> **Recorded data**:
▼

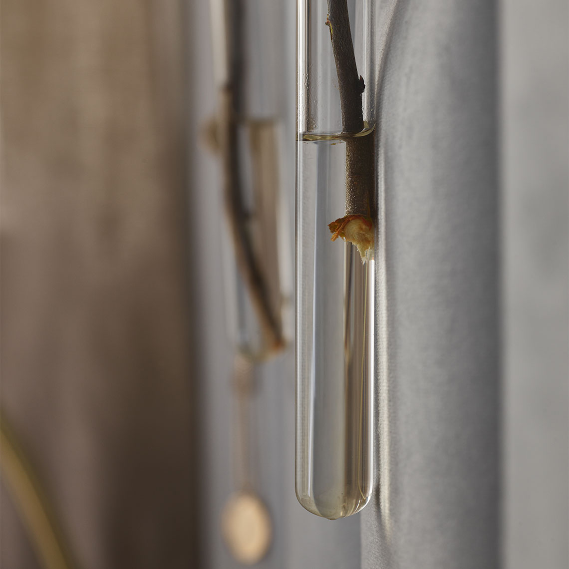 - Les deux lattes contiennent des supports pour les flacons. Vous pouvez y verser un peu d'eau et y placer des fleurs vivantes ou les utiliser comme réceptacle pour des brindilles séchées.
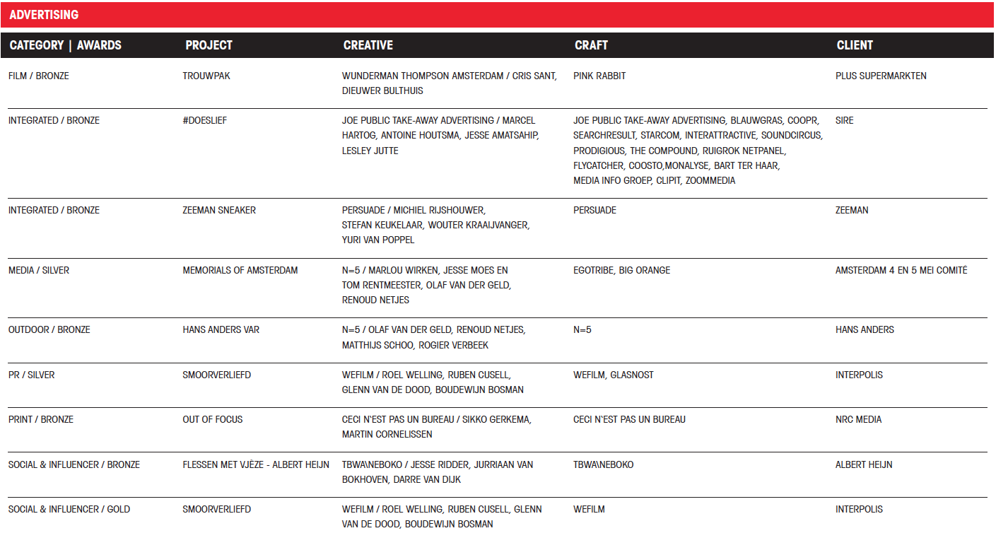 19 in Craft and 6 in Next. Er waren 2 gouden Lampen, 11 zilveren Lampen en 39 bronzen Lampen (naast de ADCN Members Award en Grand Prix). Veel Lampen gingen dit jaar naar projecten waar bedrijven en instanties met hun merken en creativiteit samenwerken aan maatschappelijke vraagstukken.Studio Dumbar en Exterion Media wonnen een gouden Lamp – in Design – met DEMO, het motion design festival waar creatief talent van over de hele wereld hun werk gedurende 24 uur heeft tentoongesteld op de digitale schermen van het Centraal Station in Amsterdam.
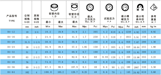 適用于使用石油基液壓油,溫度范圍-40℃~+100℃(-40°F~+212°F)的軟管。

▲

> **Exercise description**:
With the pictures left out, transcribe the material exactly.

> **Your solution**:
 - Les deux lattes contiennent des supports pour les flacons. Vous pouvez y verser un peu d'eau et y placer des fleurs vivantes ou les utiliser comme réceptacle pour des brindilles séchées.
 19 in Craft and 6 in Next. Er waren 2 gouden Lampen, 11 zilveren Lampen en 39 bronzen Lampen (naast de ADCN Members Award en Grand Prix). Veel Lampen gingen dit jaar naar projecten waar bedrijven en instanties met hun merken en creativiteit samenwerken aan maatschappelijke vraagstukken.Studio Dumbar en Exterion Media wonnen een gouden Lamp – in Design – met DEMO, het motion design festival waar creatief talent van over de hele wereld hun werk gedurende 24 uur heeft tentoongesteld op de digitale schermen van het Centraal Station in Amsterdam.
 適用于使用石油基液壓油,溫度范圍-40℃~+100℃(-40°F~+212°F)的軟管。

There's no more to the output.